Alleen onderzoek naar waardegedreven zorg krijgt subsidie
Van alle behandelingen die nu in het basispakket van de zorgverzekering zitten, is naar schatting 20% tot 50% niet goed wetenschappelijk onderbouwd. Dat stelt Ardine de Wit, gezondheidseconoom bij het RIVM en bijzonder hoogleraar Economische evaluatie van preventie aan de Vrije Universiteit Amsterdam. Ze is lid van de commissie Evaluatie van Effecten en Kosten (EEK) van het ZonMw-programma DoelmatigheidsOnderzoek. De Wit: ‘Het onderzoek binnen dat programma zorgt ervoor dat de onderbouwing bij nieuwe ontwikkelingen wél goed gebeurt. ZonMw vindt waardegedreven zorg erg belangrijk. Met het programma scheiden we het kaf van het koren. Waar we bovendien steeds meer op letten, is of de kennisvraag voortkomt vanuit de beroepsgroep. Dan heb je na afronding van het onderzoek ook meer garanties voor implementatie wanneer de onderzoeksresultaten in een richtlijn worden verwerkt.’
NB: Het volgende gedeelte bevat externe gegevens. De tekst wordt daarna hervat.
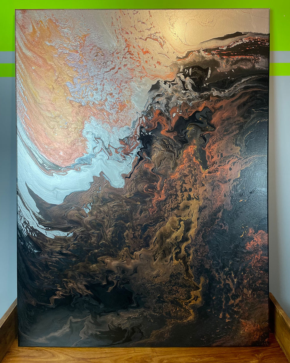 I began teaching art at the middle school and elementary level in 2018 because my love of drawing was something that had been with me my entire life. In 2020 during the beginning stages of the pandemic, I began painting with my wife and sister-in-law for fun. We would do Bob Ross tutorials and that eventually switched and my sister-in-law Courtney and I began doing abstract paintings.

Onafhankelijke beoordeling
Al een kwart eeuw beoordeelt de commissie EEK elk jaar de projectvoorstellen die onderzoekers indienen tijdens een subsidieoproep vanuit het programma. Gemiddeld gaat het door de jaren heen per keer om zo’n tachtig tot honderdtwintig voorstellen. De commissie maakt telkens een eerste schifting, waarna afhankelijk van het beschikbare budget ongeveer 30% tot 40% een uitgewerkt voorstel mag indienen voor subsidie. Onafhankelijke referenten beoordelen vervolgens deze selectie. Op basis van hun bevindingen en (waar relevant) aanvullende informatie, selecteert de commissie uiteindelijk de helft van de aanvragen als uit te voeren project.
Economische evaluatie
Een zwaarwegend onderdeel van de EEK-beoordeling is of een nieuwe behandeling kosteneffectief is. De Wit: ‘Het is niet alleen belangrijk om te weten of een innovatieve aanpak effectiever is dan de standaardtherapie. We kijken ook naar de verhouding tussen effecten en kosten. Zo’n kosteneffectiviteitsanalyse – de KEA – is een vorm van economische evaluatie. De aanvragers moeten op dit punt zinvolle en haalbare zaken voorstellen en ook deskundigheid op dit terrein in de projectgroep hebben. Dat geldt ook voor de BIA, de budget-impactanalyse. Hierbij gaat het om de aantallen patiënten die in aanmerking komen voor een nieuwe behandeling, en de kosten voor implementeren, zoals de aanschaf van nieuwe apparatuur of het opleiden van personeel. Dus om het geld dat nodig is of juist bespaard kan worden als de behandeling daadwerkelijk wordt ingevoerd. Na het onderzoek moeten de aanvragers een verslag indienen waarvan de KEA en BIA deel uitmaken, en hoe zij deze resultaten gaan verspreiden.’
Positief effect
De Wit, die ruim tien jaar in de EEK-commissie zit, heeft gezien welk positief effect het programma DoelmatigheidsOnderzoek heeft op de onderzoekers zelf. Ze vertelt dat er door de honderden studies die in de loop der jaren zijn gehonoreerd, er ook honderden klinische teams van steeds zo’n vijftien mensen vertrouwd zijn geraakt met het gezondheidseconomisch denken. ‘Veel jonge arts-onderzoekers omarmen inmiddels dit gedachtengoed. Dat nemen ze ook mee in hun dagelijkse klinische praktijk. Dit is een erg belangrijke ontwikkeling omdat de zorgkosten hand over hand toenemen. En uiteindelijk moeten we het toch met z’n allen kunnen blijven betalen.’